Не находят они покоя и у себя на родине, ибо остро чувствуют ее отсталость и косность, видят терзающие Ливан жестокие противоречия, которые кажутся им неразрешимыми.

Стремясь уйти от страшного антидуховного мира, сиро-американские романтики противопоставляют ему мир своей живой души, богатый мыслями и эмоциями. Лирический настрой их творчества вызвал к жизни новый для арабской литературы жанр — стихотворение в прозе. В сборнике перед нами предстанут две разновидности этого жанра. У Джебрана это лирические миниатюры, поэтичные по своим образам и языку, но без строгой ритмической организации и без рифмы; по форме они напоминают тургеневские стихотворения в прозе. У ар-Рейхани произведения этого жанра обладают четким акцентным ритмом, рифмуются, имеют рефрены; сегодня они были бы отнесены скорее к свободному стиху, чем к прозе[9], их стихотворная природа отражается даже в расположении строк.

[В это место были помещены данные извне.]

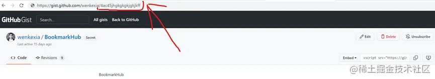 这时,在地址栏可以看到,URL的尾部就是Gist ID。用户名后面那串
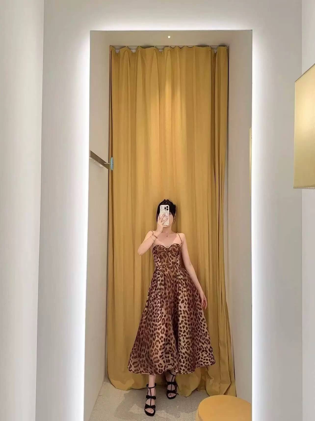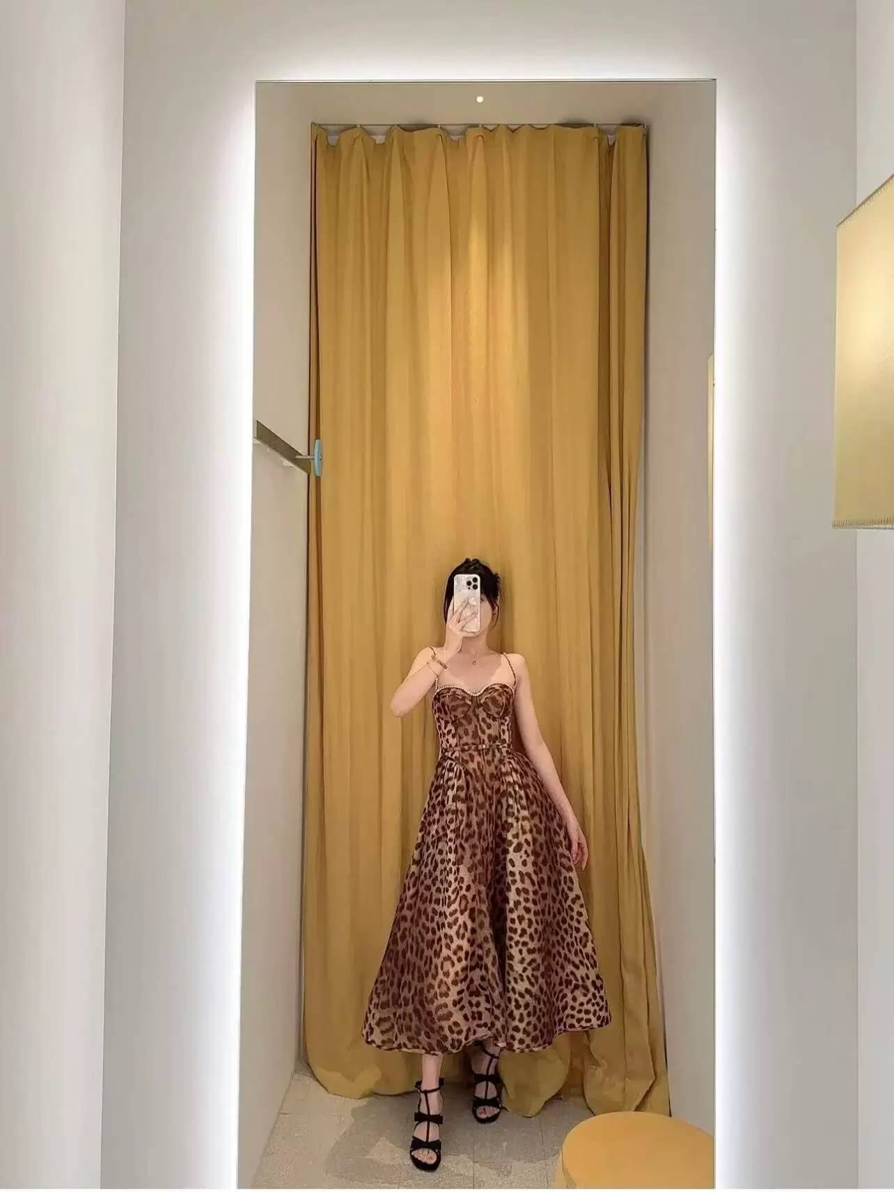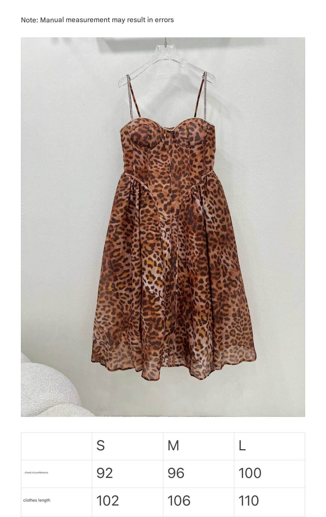 Unleash your wild side with this captivating leopard-print midi dress, designed to turn heads. It features delicate rhinestone-embellished straps, a flattering sweetheart neckline with subtle boning, and a dramatic full skirt, creating a stunning and elegant silhouette.

Однако в начале века, когда в арабской литературе поэтическое творчество не мыслилось еще вне традиционных размеров классической метрики и монорима, подобное новаторство ар-Рейхани могло быть воспринято только в рамках прозы» Тем более что, хотя ар-Рейхани считал себя в этой области продолжателем Уолта Уитмена, он, несомненно, опирался и на традиции арабской рифмованной прозы, распространенной еще в средневековой литературе. В частности, в его «Революции» отчетливо слышны реминисценции священной книги мусульман — Корана.

Стихотворение в прозе, как и эссе, становится одним из самых излюбленных жанров арабской романтической прозы.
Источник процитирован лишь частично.